_STORED DATA_
"""
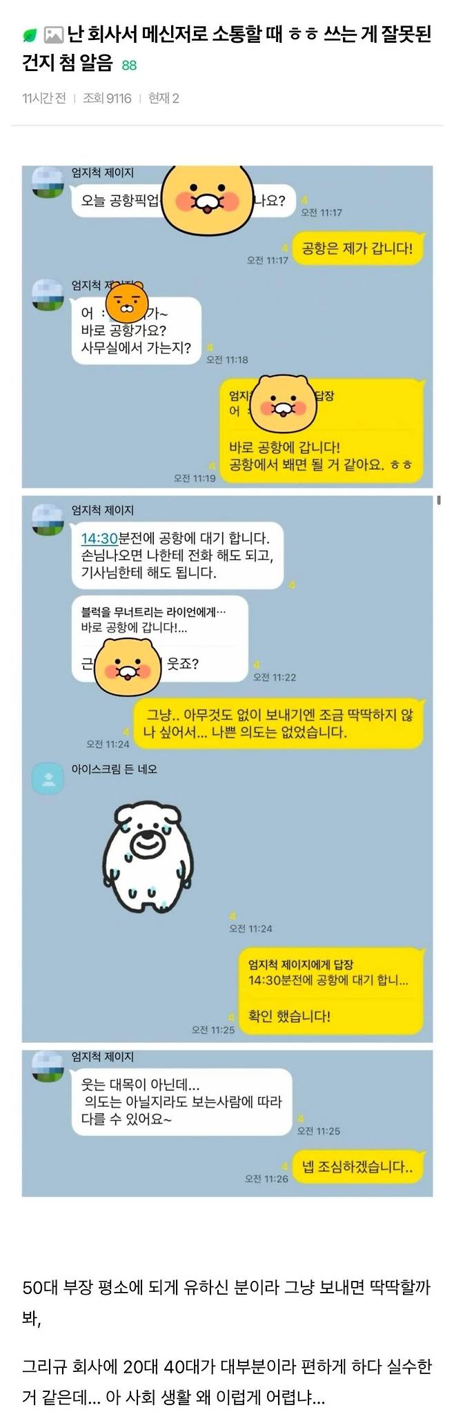 사내 메신저 카톡에서 'ㅎㅎ' 쓰면 생기는 일
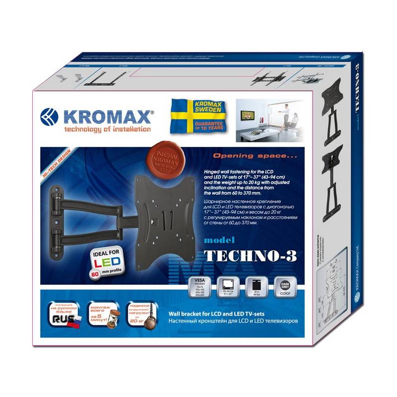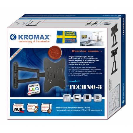Кронштейн для телевизора Kromax TECHNO-3 серый 15"-40" макс.20кг настенный поворотно-выдвижной и наклонный
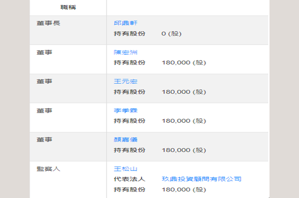 新任董事長邱鼎軒並未持股,顯然只是掛名,實權還是在顏家手上。邱鼎軒跟王松山曾經在顏清標妹婿林芳洲主導的長春重劃開發案中,用「人頭地主」偽造有利於重劃的條件,被檢方起訴偽造文書(邱鼎軒被判刑3個月)王松山是顏家關係企業得坤詮營造公司負責人,817地號兒童公園保留地上面的「政商樂園」,就是王松山負責蓋的。
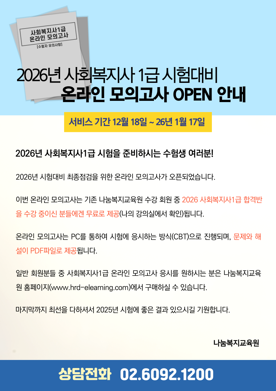 2026년 사회복지사1급 시험대비 온라인 모의고사 오픈 안내 작성자형준쌤|작성시간25.12.19|조회수29 목록 댓글 0 글자크기 작게가 글자크기 크게가 다음검색 현재 게시글 추가 기능 열기 북마크 공유하기 신고 센터로 신고 댓글 댓글 0 댓글쓰기 답글쓰기 댓글 리스트
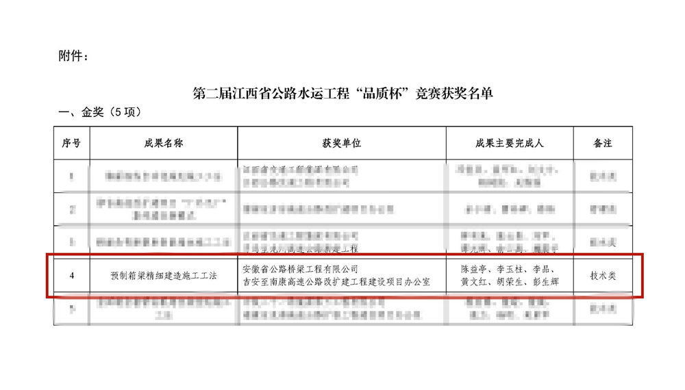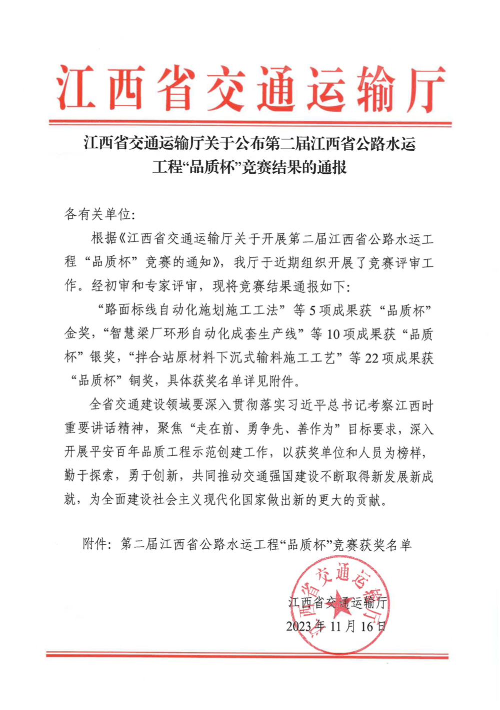 近日,江西省交通運輸廳發(fā)布了第二屆江西省公路水運工程“品質(zhì)杯”競賽結(jié)果,公司承建的吉康改擴建C1標(biāo)項目“預(yù)制箱梁精細建造施工工法”榮獲金獎。
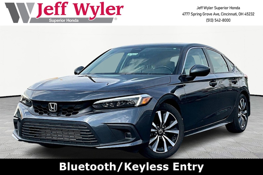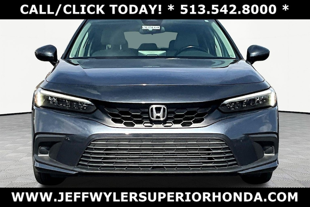Jeff Wyler Superior Honda is proud to offer this good-looking 2024 Honda Civic EX-L in Meteorite Gray Metallic. BLUETOOTH, LEATHER, MOONROOF SUNROOF, CLEAN CARFAX...NO ACCIDENTS, HONDA CERTIFIED!, RECENT SUPERIOR TRADE, BOUGHT, SERVICED AND TRADED AT SUPERIOR, and ONE OWNER Civic EX-L, HondaTrue Certified Certified, 4D Hatchback, 1.5L I4 DOHC 16V, CVT, FWD, Meteorite Gray Metallic, Black Leather, 17" Alloy Wheels, 4-Wheel Disc Brakes, 8 Speakers, ABS brakes, Adaptive Cruise Control: Adaptive Cruise Control (ACC) with Low-Speed Follow, Air Conditioning, Alloy wheels, AM/FM radio, Apple CarPlay/Android Auto, Auto High-beam Headlights, Automatic temperature control, Blind Spot Information (BSI) System warning, Brake assist, Bumpers: body-color, Delay-off headlights, Driver door bin, Driver vanity mirror, Dual front impact airbags, Dual front side impact airbags, Electronic Stability Control, Emergency communication system: HondaLink, Exterior Parking Cameras, Four wheel independent suspension, Front anti-roll bar, Front Bucket Seats, Front Center Armrest, Front dual zone A/C, Front reading lights, Fully automatic headlights, Heated door mirrors, Heated Front Bucket Seats, Heated front seats, Illuminated entry, Knee airbag, Lane departure: Lane Keeping Assist System (LKAS) active, Leather Shift Knob, Leather steering wheel, Leather-Trimmed Seating Surfaces, Low tire pressure warning, Occupant sensing airbag, Outside temperature display, Overhead airbag, Panic alarm, Passenger door bin, Passenger vanity mirror, Power door mirrors, Power driver seat, Power moonroof, Power steering, Power windows, Radio data system, Radio: 180-Watt Audio System, Rear anti-roll bar, Rear seat center armrest, Rear side impact airbag, Rear window defroster, Rear window wiper, Remote keyless entry, Security system, Speed control, Speed-sensing steering, Split folding rear seat, Steering wheel mounted audio controls, Tachometer, Telescoping steering wheel, Tilt steering wheel, Traction control, Trip computer, Variably intermittent wipers, and Voltmeter Our PRE-OWNED vehicles are put through a rigorous 167- POINT QUALITY ASSURANCE INSPECTION along with an average amount of over $1,400.00 SPENT to recondition each vehicle so we can be sure to deliver you the highest quality vehicle like you deserve! ***ONLINE PRICE DOES NOT INCLUDE WYLER FAMILY FIRST PACKAGE*** Stop by 4777 Spring Grove Ave. Road to see for yourself, or give us a call @ 283-209-1858 to schedule your test drive!Vehicle pricing includes all offers and incentives. Due to limited inventory, offers and pricing are all subject to change. Tax, Title, Tags and $387 doc fees are not included in vehicle price shown and must be paid by the purchaser. Doc fees vary by location. Financing w/approved credit. Mileage est. Based on current EPA estimates reflecting new EPA methods beginning w/ 2008 models. For comparison only. Do not compare to pre 2008 models. Actual mileage may vary based on how you drive and maintain your vehicle. Information on this site includes 3rd party data believed to be reliable, subject to change without notice. Jeff Wyler reserves the right to correct any errors and/or omissions in the compilation or presentation of this data and makes no representations express or implied to any prospective purchaser as to the vehicle's condition, specifications, history, equipment or equipment function, price or warranties. This vehicle may be subject to an open recall that has not been repaired. Please consult safercar.gov for more information on the current status. It is the responsibility of purchaser to confirm any data prior to purchase. Other than MSRP, all offers only apply to this vehicle and are subject to change. Vehicle prices are subject to change and all vehicles are subject to prior sale and may not be available when you are ready to purchase. Prices listed on any other website may not be accepted. Dealership advertises the sale of vehicles through a number of different channel
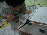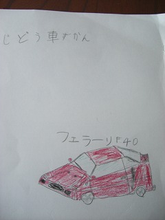 ☆一年生のこくごの授業、単元「じどうしゃくらべ」☆これは夏休み明けのこくごの時間で、ずかんを手作り。にゆの好きなお絵かきができる、こくごの授業だなんて楽しんで進められるようにと、近頃の学校はおどろき~。絵を描きあげるのに一時間ではなく、何日もこれに取り組んでるようだったし私の頃とは、時代も変わったものだ。にゆは、乗り物お絵かきが大好きで、正面・真横だけではあきたらず「斜めから見たところが描きたいのに、うまく描けない」とイライラしていたものだから、夏休みだけ、お絵かき教室へ通い、そこで「にゆくん特別コース」を設けてもらう始末。そこでひたすら、電車と自動車の遠近法を納得いくまで描きこんだみたい。リア部分が、ぎこちないけど、まっ一年生だから本人が満足してればね~。こんなことで、夏休み明け、こくごの授業が自動車ときたもので勉強で目立たないにゆが、本領発揮♪ 「じどうしゃはかせ」と呼ばれるきっかけに。学校嫌いになるよりは、得意な図工だけでもいいから、張り切っておくれ~
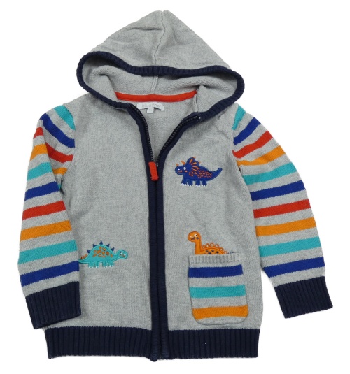 Sivo-pruhovaný prepínaci sveter s dinosaurami a kapucňou Bluezoo
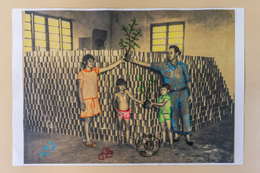 As imagens brotam de intervenções gráficas, montagens e costuras em materiais de arquivos que passaram por tratamentos lúdicos, diálogos e reflexões com transeuntes no centro de Pelotas/RS.
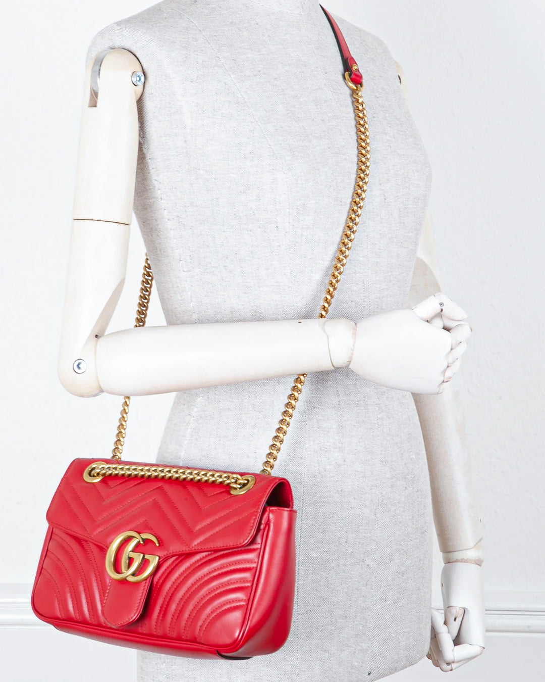 Inspired by Guccio Gucci, the founder of the brand, the GG logo first appeared in the 1970s. This emblematic design created an iconic concept that eventually led to the creation of the famous Gucci GG Marmont. However, it was not until 2016 that the GG Marmont It-Bag made its debut on the catwalk, thanks to the vision of Creative Director Alessandro Michele, who wanted to revive elements of the Gucci heritage with a new line of bags. Inspired by the spirit of the 70s and the charm of the Château Marmont, the bag became a favorite among designer bag lovers.The classic Marmont bag is made of Matelassé leather, which is known for its unpadded, elastic and quilted structure. Matelassé leather is available in either a diagonal or zigzag pattern. The Marmont collection also includes totes, backpacks and bucket bags. The adjustable and sliding chain strap offers versatile styling options, allowing the bag to be worn as a shoulder bag or as a handle bag, adding to its appeal. The Marmont bags are available in different shapes and sizes, including super mini, mini, small, medium and large, to suit a wide range of preferences.
"""
_EXERCISE DIRECTIONS_
In the entries above, find the line with "新任董事長邱鼎軒並未持股,顯" and the line with "近日,江西省交通運輸廳發(f". Return exactly those lines and all the ones between them, pictures excluded.

_RESPONSE TO THE TASK_
 新任董事長邱鼎軒並未持股,顯然只是掛名,實權還是在顏家手上。邱鼎軒跟王松山曾經在顏清標妹婿林芳洲主導的長春重劃開發案中,用「人頭地主」偽造有利於重劃的條件,被檢方起訴偽造文書(邱鼎軒被判刑3個月)王松山是顏家關係企業得坤詮營造公司負責人,817地號兒童公園保留地上面的「政商樂園」,就是王松山負責蓋的。
 2026년 사회복지사1급 시험대비 온라인 모의고사 오픈 안내 작성자형준쌤|작성시간25.12.19|조회수29 목록 댓글 0 글자크기 작게가 글자크기 크게가 다음검색 현재 게시글 추가 기능 열기 북마크 공유하기 신고 센터로 신고 댓글 댓글 0 댓글쓰기 답글쓰기 댓글 리스트
 近日,江西省交通運輸廳發(fā)布了第二屆江西省公路水運工程“品質(zhì)杯”競賽結(jié)果,公司承建的吉康改擴建C1標(biāo)項目“預(yù)制箱梁精細建造施工工法”榮獲金獎。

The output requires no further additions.